What is needed: Starting at the line that contains "红色 荷叶边衣领 长袖 百褶", transcribe each line through the end of the material below, exactly and nothing else, leaving out the pictures.
==================================================
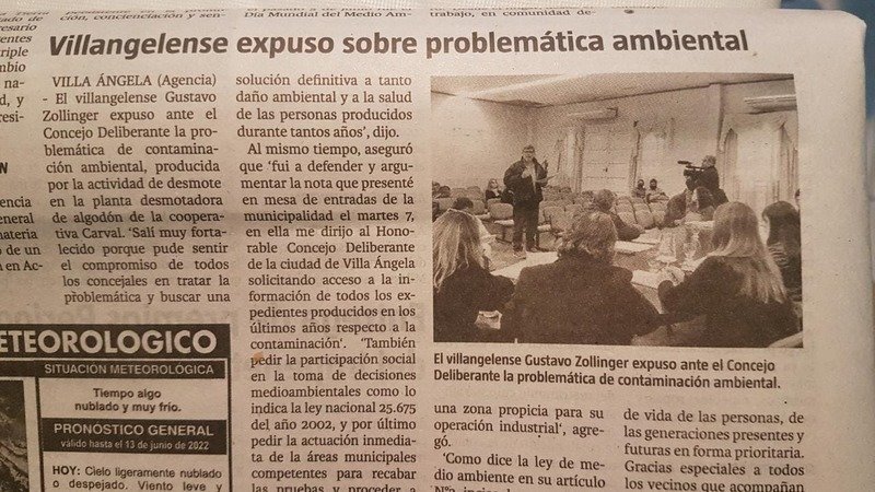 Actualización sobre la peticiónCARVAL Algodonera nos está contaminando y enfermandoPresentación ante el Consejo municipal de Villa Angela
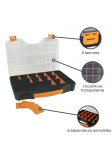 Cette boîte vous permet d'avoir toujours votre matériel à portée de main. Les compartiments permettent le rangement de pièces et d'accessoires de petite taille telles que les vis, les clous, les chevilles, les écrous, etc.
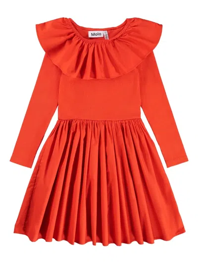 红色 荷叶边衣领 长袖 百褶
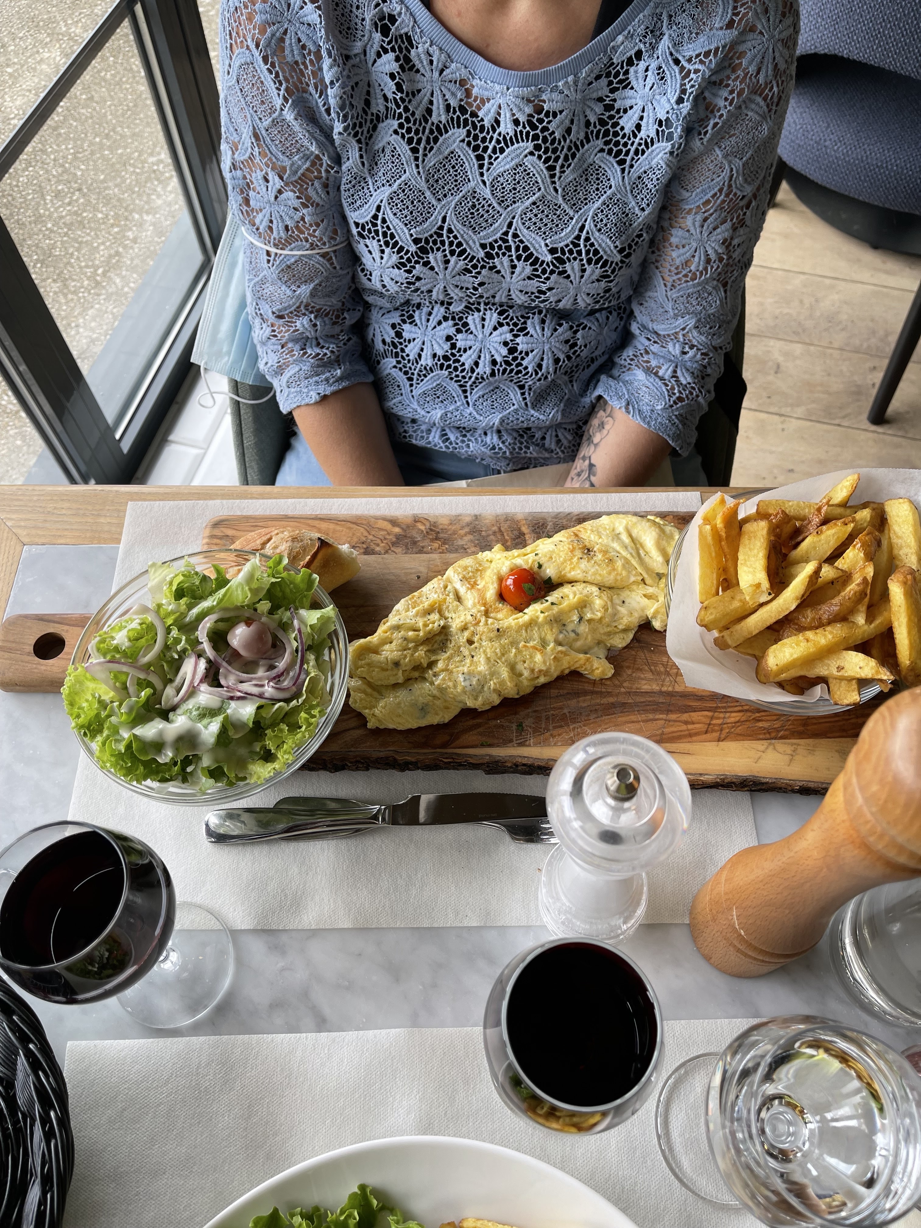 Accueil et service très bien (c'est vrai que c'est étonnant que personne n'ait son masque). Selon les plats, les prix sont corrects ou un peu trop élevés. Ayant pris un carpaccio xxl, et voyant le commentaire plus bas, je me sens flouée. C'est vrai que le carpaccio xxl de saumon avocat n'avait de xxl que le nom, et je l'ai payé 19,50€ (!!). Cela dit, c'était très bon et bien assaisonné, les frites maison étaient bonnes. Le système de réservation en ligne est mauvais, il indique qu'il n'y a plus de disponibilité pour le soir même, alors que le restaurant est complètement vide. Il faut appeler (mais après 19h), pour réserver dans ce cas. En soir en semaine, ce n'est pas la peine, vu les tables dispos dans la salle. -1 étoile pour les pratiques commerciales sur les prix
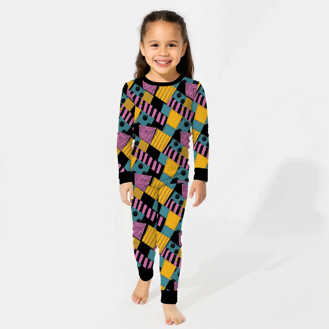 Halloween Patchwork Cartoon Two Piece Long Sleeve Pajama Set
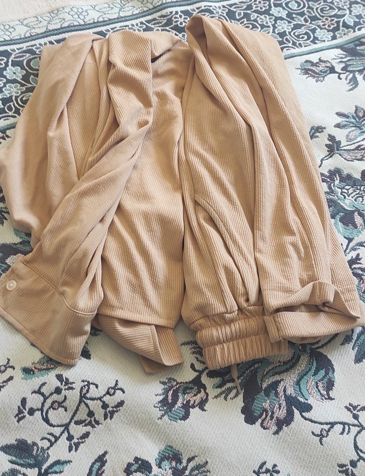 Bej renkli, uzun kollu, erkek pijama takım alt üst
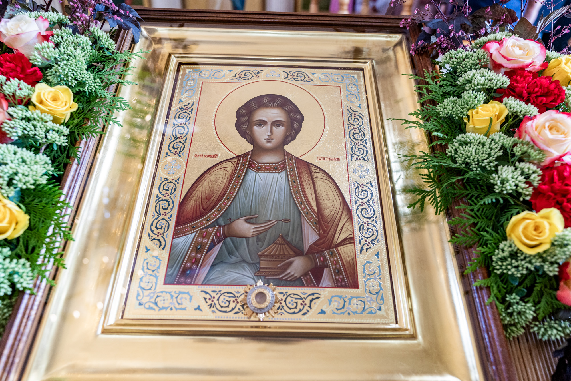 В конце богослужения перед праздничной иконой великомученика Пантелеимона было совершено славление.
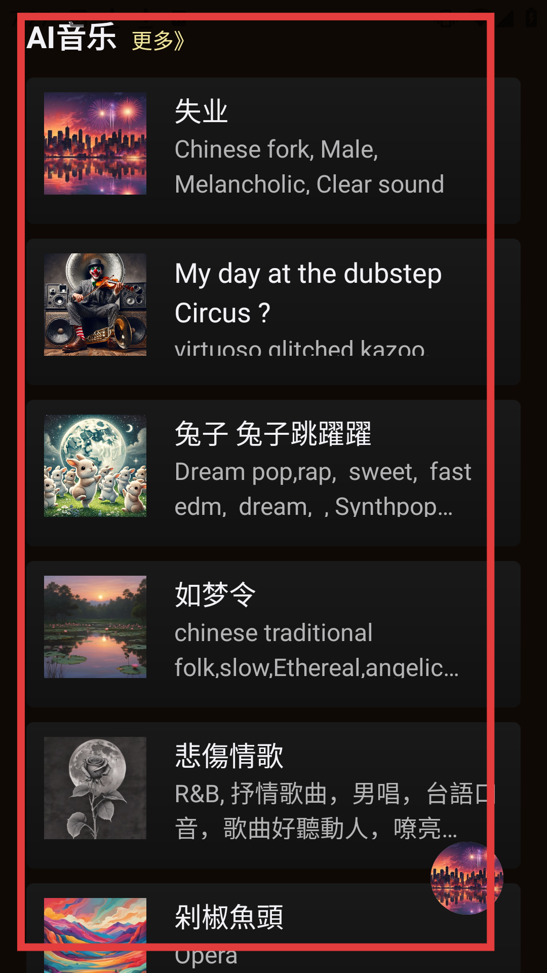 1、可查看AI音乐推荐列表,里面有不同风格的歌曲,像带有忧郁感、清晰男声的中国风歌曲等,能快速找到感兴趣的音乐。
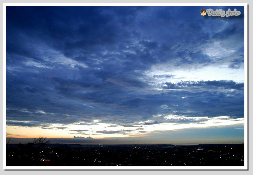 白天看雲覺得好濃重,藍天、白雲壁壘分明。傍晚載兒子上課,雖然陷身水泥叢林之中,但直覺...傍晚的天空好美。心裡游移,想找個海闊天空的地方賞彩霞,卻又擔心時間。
==================================================
Result below:
 红色 荷叶边衣领 长袖 百褶
 Accueil et service très bien (c'est vrai que c'est étonnant que personne n'ait son masque). Selon les plats, les prix sont corrects ou un peu trop élevés. Ayant pris un carpaccio xxl, et voyant le commentaire plus bas, je me sens flouée. C'est vrai que le carpaccio xxl de saumon avocat n'avait de xxl que le nom, et je l'ai payé 19,50€ (!!). Cela dit, c'était très bon et bien assaisonné, les frites maison étaient bonnes. Le système de réservation en ligne est mauvais, il indique qu'il n'y a plus de disponibilité pour le soir même, alors que le restaurant est complètement vide. Il faut appeler (mais après 19h), pour réserver dans ce cas. En soir en semaine, ce n'est pas la peine, vu les tables dispos dans la salle. -1 étoile pour les pratiques commerciales sur les prix
 Halloween Patchwork Cartoon Two Piece Long Sleeve Pajama Set
 Bej renkli, uzun kollu, erkek pijama takım alt üst
 В конце богослужения перед праздничной иконой великомученика Пантелеимона было совершено славление.
 1、可查看AI音乐推荐列表,里面有不同风格的歌曲,像带有忧郁感、清晰男声的中国风歌曲等,能快速找到感兴趣的音乐。
 白天看雲覺得好濃重,藍天、白雲壁壘分明。傍晚載兒子上課,雖然陷身水泥叢林之中,但直覺...傍晚的天空好美。心裡游移,想找個海闊天空的地方賞彩霞,卻又擔心時間。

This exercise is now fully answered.